» Assignment:
What is needed is an exact copy of the whole listing below, with no pictures.

» Data segment:
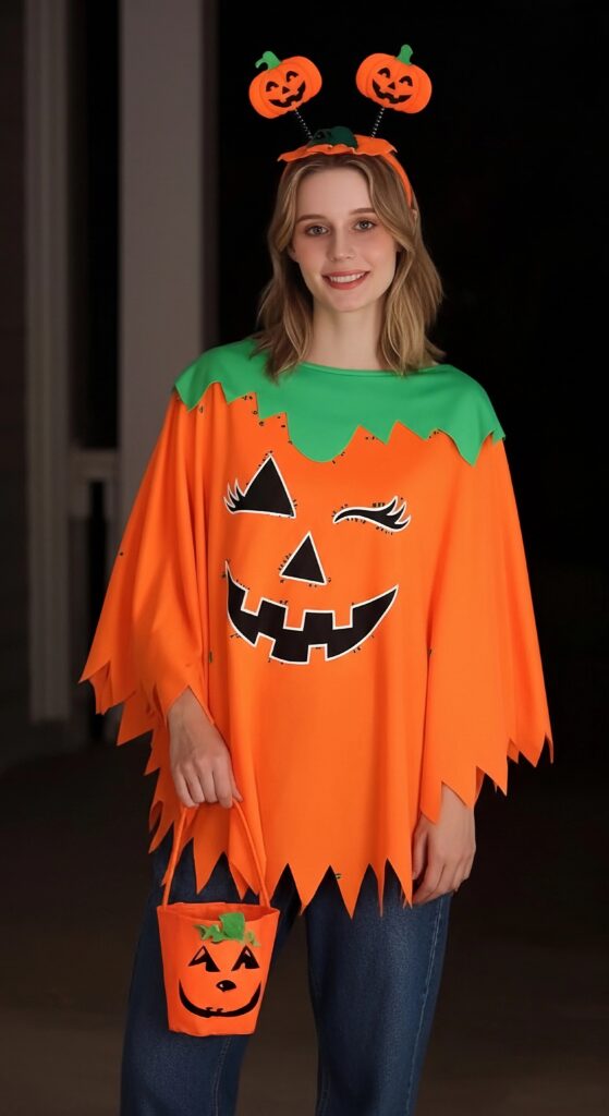 • 3-Piece Set: It comes complete with the main Pumpkin Poncho, a matching Headband, and a functional Pumpkin Bag for carrying your essentials (or treats!).
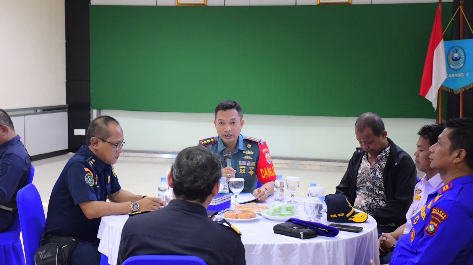 Bertempat di Gedung Napoleon Lanal Tarempa, Jalan Kartini, Kecamatan Siantan, Kabupaten Kepulauan Anambas, Komandan Pangkalan TNI AL Tarempa Letkol Laut (P) Ari Sukmana, S.E., M.Tr. Opsla., mengundang dan mengajak Stakeholder Unsur Maritim dalam acara Coffee Morning dengan agenda diskusi dan dengar pendapat penegakan hukum dan aturan berlayar terhadap pengguna jasa transportasi laut terkait pasca kejadian kecelakaan laut KM. Samarinda pada 26 Juli 2024 beberapa waktu lalu.
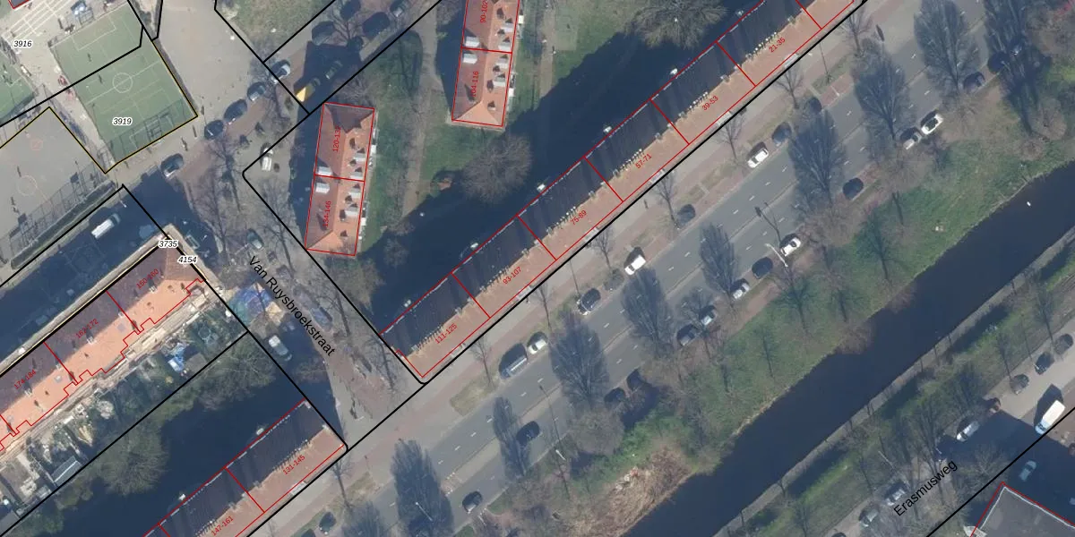 Erasmusweg 97 is gelegen op kadastraal perceel GVH20AC2078. Deze kadastrale aanduiding is uniek en wordt gebruikt door het Kadaster om eigendomsrechten en andere zakelijke rechten vast te leggen. Het perceel maakt onderdeel uit van de kadastrale gemeente 's-Gravenhage.

» Answer space:
 • 3-Piece Set: It comes complete with the main Pumpkin Poncho, a matching Headband, and a functional Pumpkin Bag for carrying your essentials (or treats!).
 Bertempat di Gedung Napoleon Lanal Tarempa, Jalan Kartini, Kecamatan Siantan, Kabupaten Kepulauan Anambas, Komandan Pangkalan TNI AL Tarempa Letkol Laut (P) Ari Sukmana, S.E., M.Tr. Opsla., mengundang dan mengajak Stakeholder Unsur Maritim dalam acara Coffee Morning dengan agenda diskusi dan dengar pendapat penegakan hukum dan aturan berlayar terhadap pengguna jasa transportasi laut terkait pasca kejadian kecelakaan laut KM. Samarinda pada 26 Juli 2024 beberapa waktu lalu.
 Erasmusweg 97 is gelegen op kadastraal perceel GVH20AC2078. Deze kadastrale aanduiding is uniek en wordt gebruikt door het Kadaster om eigendomsrechten en andere zakelijke rechten vast te leggen. Het perceel maakt onderdeel uit van de kadastrale gemeente 's-Gravenhage.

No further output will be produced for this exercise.